▸ **ASSIGNMENT**:
In the records below, find the line with "さらに、93.1%の人が今後", then copy each line exactly until you have copied the line with "imageCOOFANDY Mens Lightweight". Leave any picture out.

▸ **GIVEN INFORMATION**:
◇ ◇ ◇ ◇ ◇

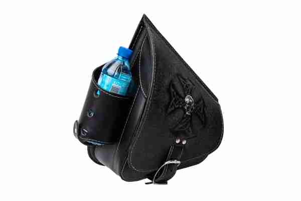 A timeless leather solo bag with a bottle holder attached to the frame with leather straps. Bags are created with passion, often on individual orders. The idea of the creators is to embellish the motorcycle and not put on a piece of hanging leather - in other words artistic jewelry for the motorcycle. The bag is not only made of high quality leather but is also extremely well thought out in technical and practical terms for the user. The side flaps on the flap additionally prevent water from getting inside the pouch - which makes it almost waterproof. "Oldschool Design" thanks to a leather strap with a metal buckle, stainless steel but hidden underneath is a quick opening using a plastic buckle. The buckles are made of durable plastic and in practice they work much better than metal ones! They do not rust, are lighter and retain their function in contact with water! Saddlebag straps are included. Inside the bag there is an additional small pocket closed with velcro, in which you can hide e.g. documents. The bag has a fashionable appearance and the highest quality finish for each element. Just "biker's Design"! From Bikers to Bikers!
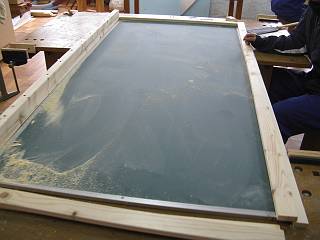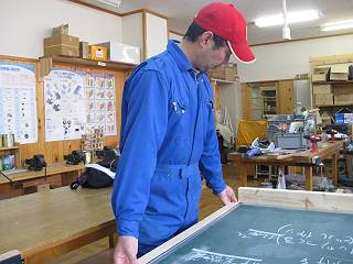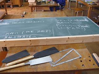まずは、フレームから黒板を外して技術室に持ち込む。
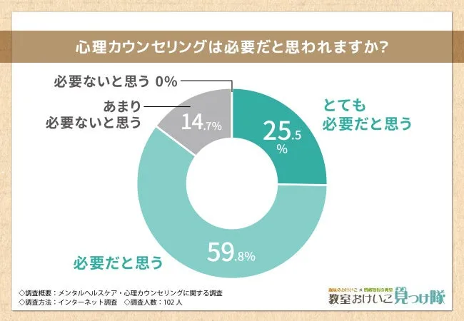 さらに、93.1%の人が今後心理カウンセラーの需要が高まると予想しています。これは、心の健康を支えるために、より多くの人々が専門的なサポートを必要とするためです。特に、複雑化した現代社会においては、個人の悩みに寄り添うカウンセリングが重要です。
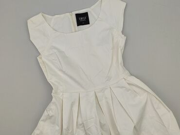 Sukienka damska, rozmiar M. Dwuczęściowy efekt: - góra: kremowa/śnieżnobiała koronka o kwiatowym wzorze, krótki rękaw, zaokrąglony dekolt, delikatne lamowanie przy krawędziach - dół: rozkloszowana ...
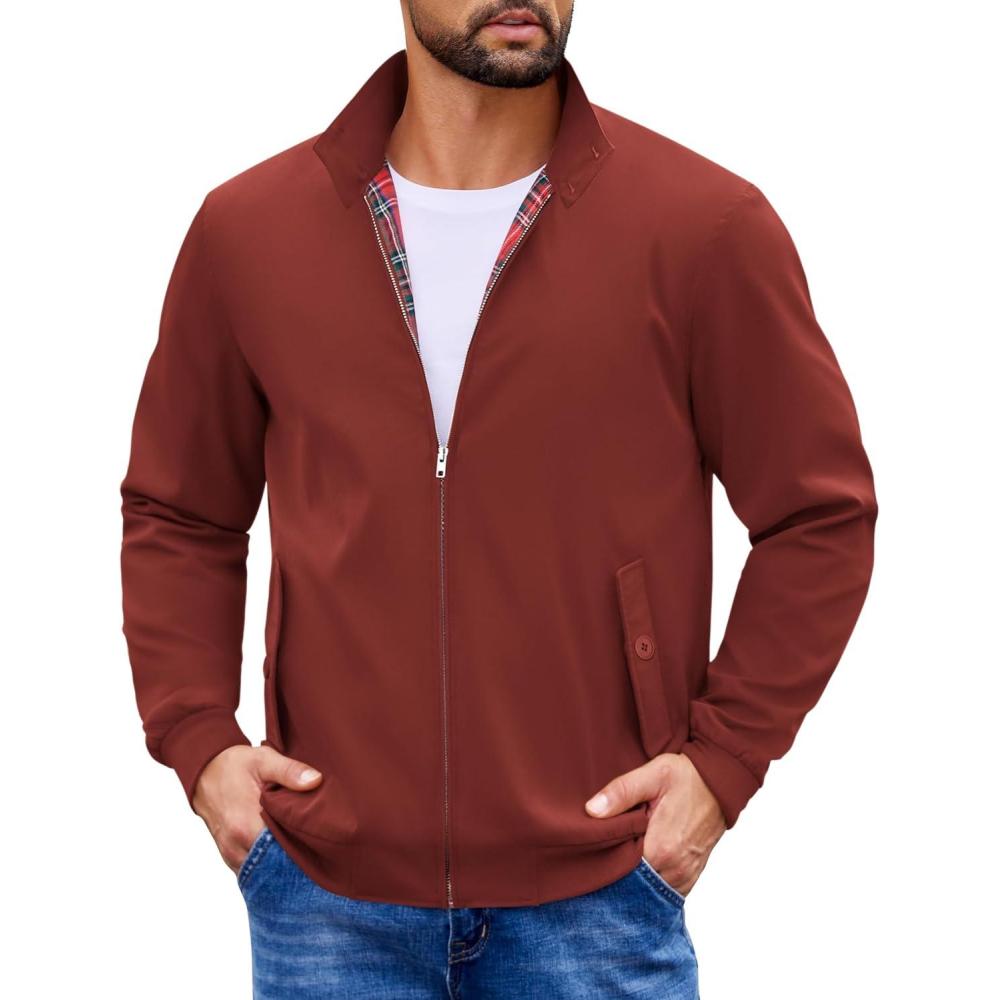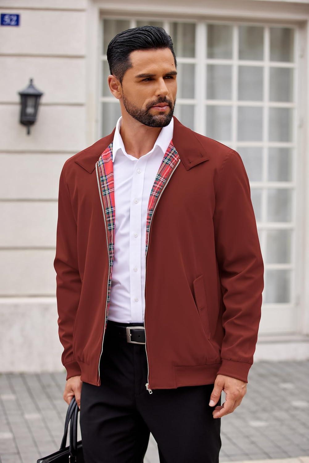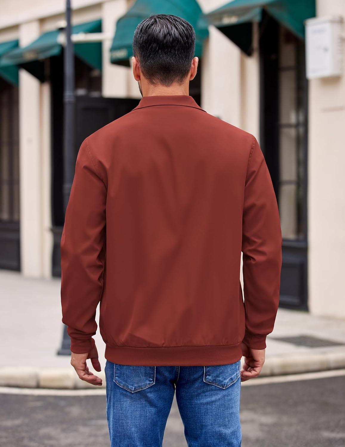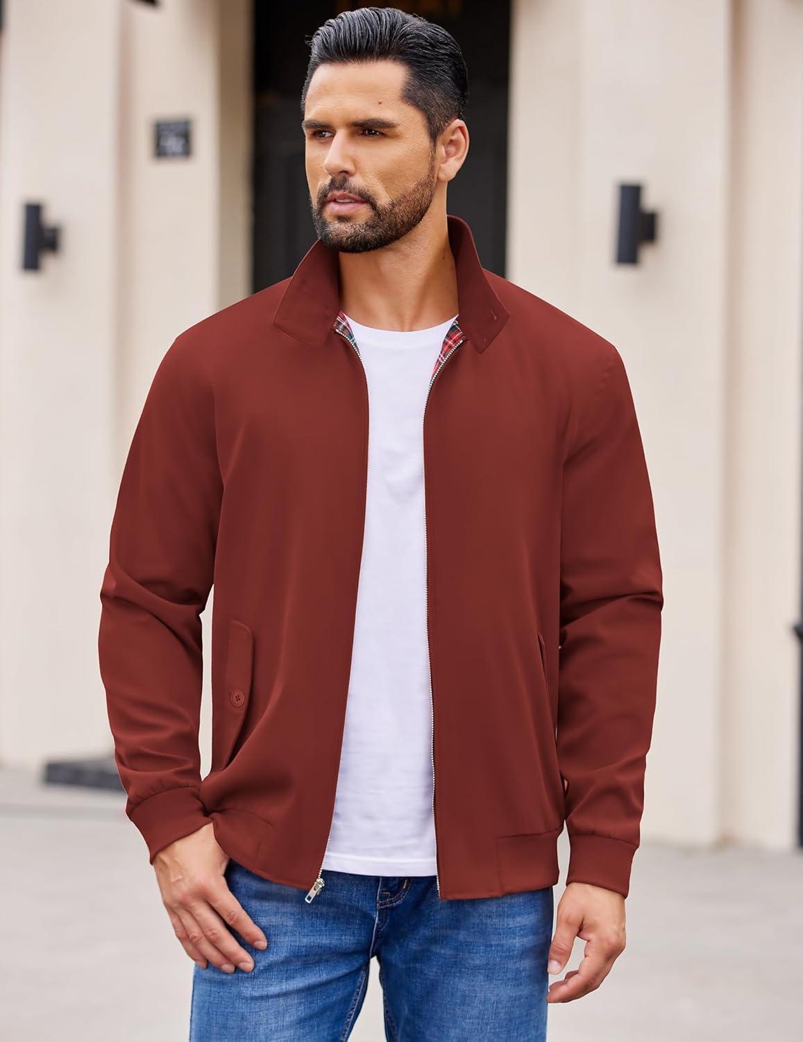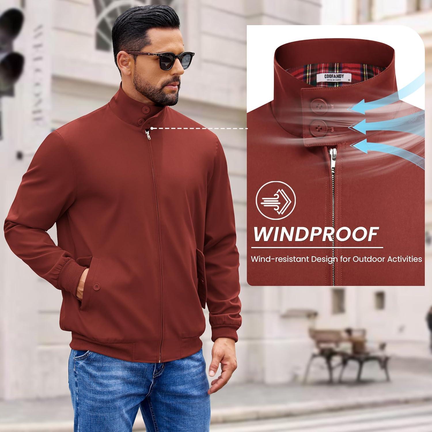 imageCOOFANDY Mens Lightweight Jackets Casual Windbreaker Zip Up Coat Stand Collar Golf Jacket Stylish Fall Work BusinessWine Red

◇ ◇ ◇ ◇ ◇

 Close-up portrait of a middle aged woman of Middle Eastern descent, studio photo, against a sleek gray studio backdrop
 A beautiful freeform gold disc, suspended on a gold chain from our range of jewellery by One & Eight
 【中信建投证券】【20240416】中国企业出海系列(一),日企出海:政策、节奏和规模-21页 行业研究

◇ ◇ ◇ ◇ ◇

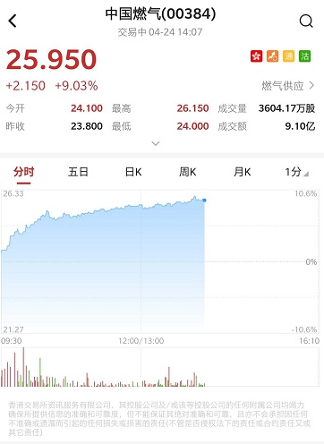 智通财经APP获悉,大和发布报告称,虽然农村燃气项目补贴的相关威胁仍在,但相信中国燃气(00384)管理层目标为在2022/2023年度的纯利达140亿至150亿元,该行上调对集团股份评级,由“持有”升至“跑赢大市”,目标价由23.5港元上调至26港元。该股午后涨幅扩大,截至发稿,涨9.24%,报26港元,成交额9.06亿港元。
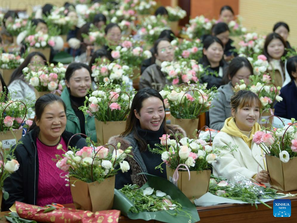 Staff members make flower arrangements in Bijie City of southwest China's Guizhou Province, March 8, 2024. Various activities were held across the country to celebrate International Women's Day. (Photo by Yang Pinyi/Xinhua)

◇ ◇ ◇ ◇ ◇

▸ **SOLUTION TO THE EXERCISE**:
 さらに、93.1%の人が今後心理カウンセラーの需要が高まると予想しています。これは、心の健康を支えるために、より多くの人々が専門的なサポートを必要とするためです。特に、複雑化した現代社会においては、個人の悩みに寄り添うカウンセリングが重要です。
 Sukienka damska, rozmiar M. Dwuczęściowy efekt: - góra: kremowa/śnieżnobiała koronka o kwiatowym wzorze, krótki rękaw, zaokrąglony dekolt, delikatne lamowanie przy krawędziach - dół: rozkloszowana ...
 imageCOOFANDY Mens Lightweight Jackets Casual Windbreaker Zip Up Coat Stand Collar Golf Jacket Stylish Fall Work BusinessWine Red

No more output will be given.